Economists from the National Association of Realtors, Zillow and mortgage analyst HSH.com predicted slower price growth in Orlando, about 3 percent — down from double-digit increases in recent years. Stagnating prices could delay full recovery for another seven years, according to Zillow. Getting back to 2006 price levels is key for homeowners who purchased at that time and also for those trying to gain a bigger ownership stake in their homes.
Orlando price growth has been “quite strong” since the bottom in 2011, said Lawrence Yun, the National Association of Realtors’ Chief Economist. The area’s robust job growth should keep prices from collapsing but calmer days are ahead, he said.
“Orlando could see more moderate price growth moving forward,” said Yun. New reports show the median price in the core Orlando market — mostly Orange and Seminole counties — was $224,000 in November and still down sharply from the peak of $264,436 more than 10 years ago.
One concern: Price increases could stall if investors dump the distress sales they purchased and transformed into rentals. Orlando is seeing near-record levels of single-family homes used as rentals, according to a new report by Zillow.

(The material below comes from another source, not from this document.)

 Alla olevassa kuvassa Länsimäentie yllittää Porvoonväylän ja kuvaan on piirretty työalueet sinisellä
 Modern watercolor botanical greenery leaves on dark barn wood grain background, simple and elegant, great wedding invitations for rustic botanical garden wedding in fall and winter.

One out of five of Metro Orlando houses was a rental and about a third of rentals could be sold as starter houses to first-time buyers.

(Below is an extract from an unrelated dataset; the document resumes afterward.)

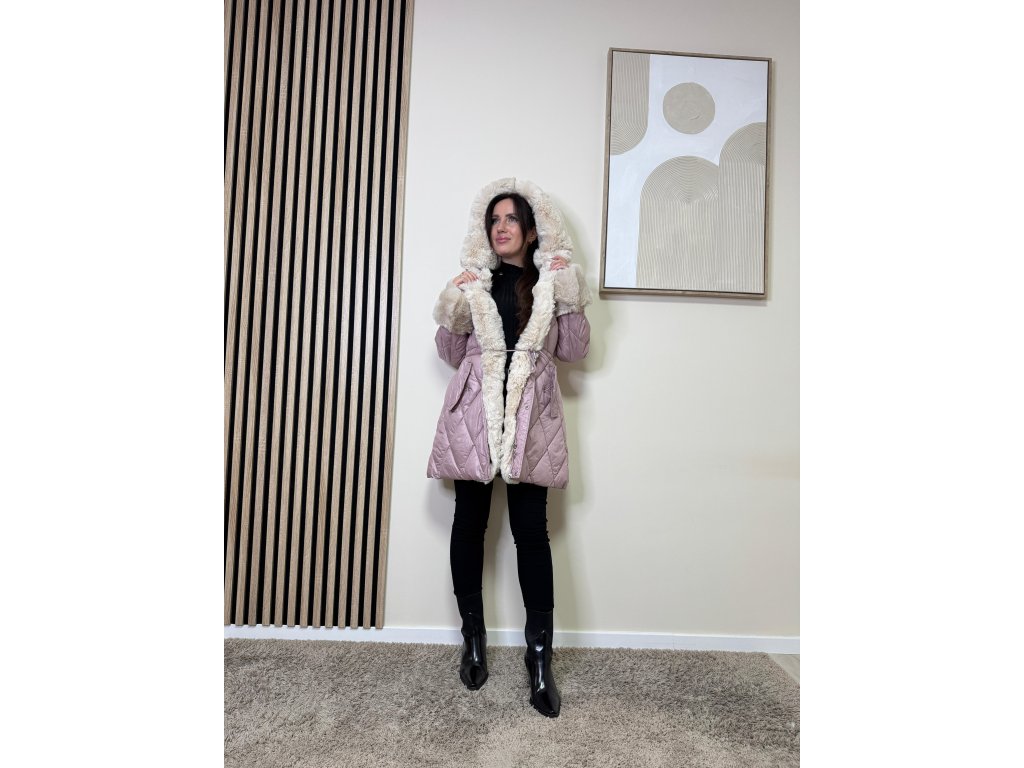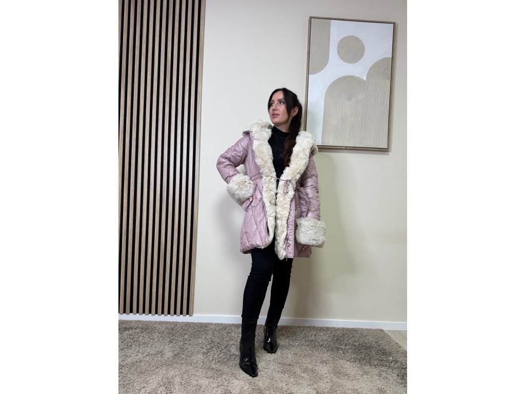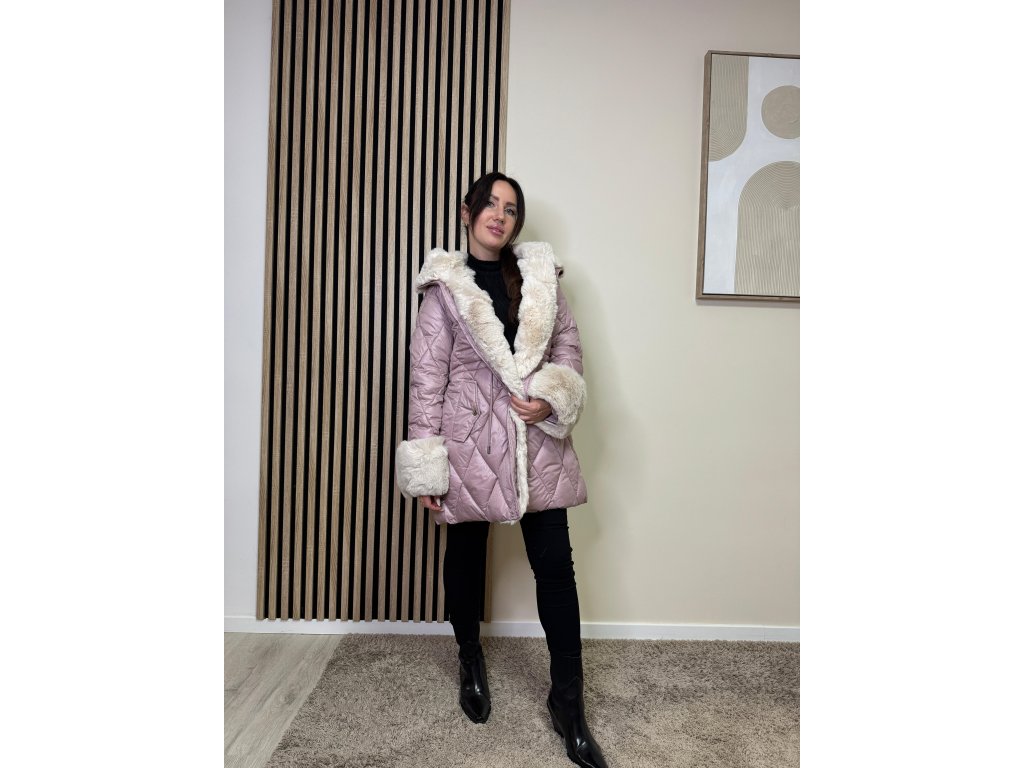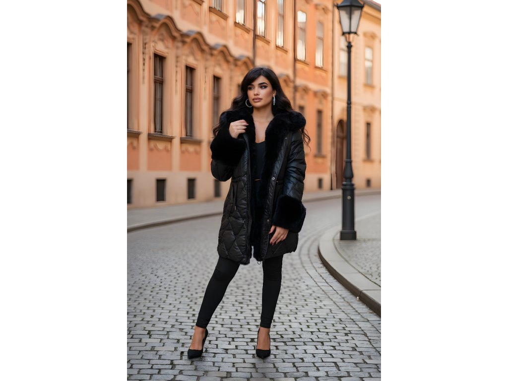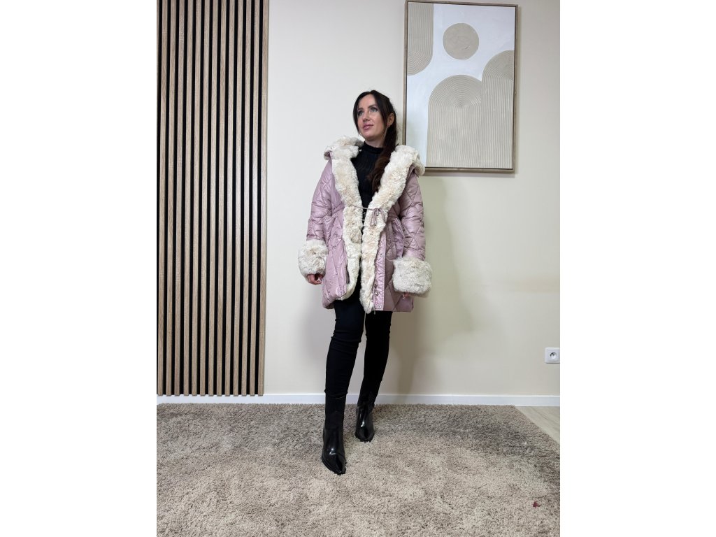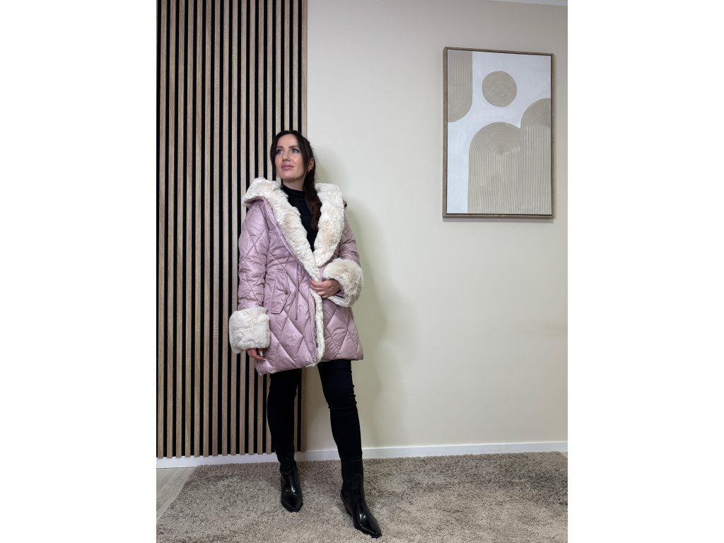Bunda Elisa zaujme prešívaným vzorom a výraznou kožušinovou aplikáciou na kapucni a rukávoch. Je hrejivá, moderná a ľahko sa kombinuje s elegantným aj ležérnym outfitom.

Seminole County schoolteacher Catherine Jollie, 26, said she looked at more than 20 houses when she was shopping earlier this year. Most of the houses were investor owned, empty and in need of work. Even though prices seemed high for the fixer uppers, they sold fast. Houses went under contract so quickly that her uncle, Winter Park real estate agent David Welch, quickly crossed them off the list because they were snapped up.
“It was so frustrating to go in and know I couldn’t beat the offers from other investors,” she said.
Welch said a wave of investment groups selling off properties could swell supply and depress listings.
“I have definitely run into investors starting to divest themselves and I’m wondering what impact that will have,” he said, adding that investor sales of starter homes fail to deliver the move-up buyers that benefit a market. “The investors are starting to say: ‘This may have played itself out.’ ”
Orlando’s housing market could take as long as seven more years to fully recover if prices return to typical annual growth rates, Zillow Senior Economist Skylar Olsen said. The region’s slim supply of homes on the market and other dynamics, though, could expedite the housing market’s healing process.
“Orlando fell far in the bubble bust, so they have a lot of ground to recover,” he said. “Orlando has experienced strong home values above 7 percent over the last few years, driven by strong fundamentals and constrained inventory. If those trends continue, it will take less than three years to recover at the current rate.”
November home prices in the core Orlando market — mostly Orange and Seminole counties — grew 2 percent from a month earlier and and 11 percent from year earlier, according to a new report by the Orlando Regional Realtor Association. The market showed signs of its typical early-winter slowdown following a hurricane season that whiplashed sales. November sales were down 6 percent month-over-month to 2,735. From a year ago, they were up about 8 percent.
Also in November, buyers got more leeway with interest rates dipping to 3.96 percent from 4.03 percent in October. Houses lasted longer on the market before coming under contract in an average 62 days, down from 56 days in October.
Association President Bruce Elliott, of Regal R.E. Professionals LLC, said he anticipated “the traditional sales jump that occurs in December.”
Following months of shopping, Jollie said she was able to purchase her first home. It did not have new appliances and finishes, but everything was in good working order. Her advice for anyone looking now: “I would advise them to start looking early.”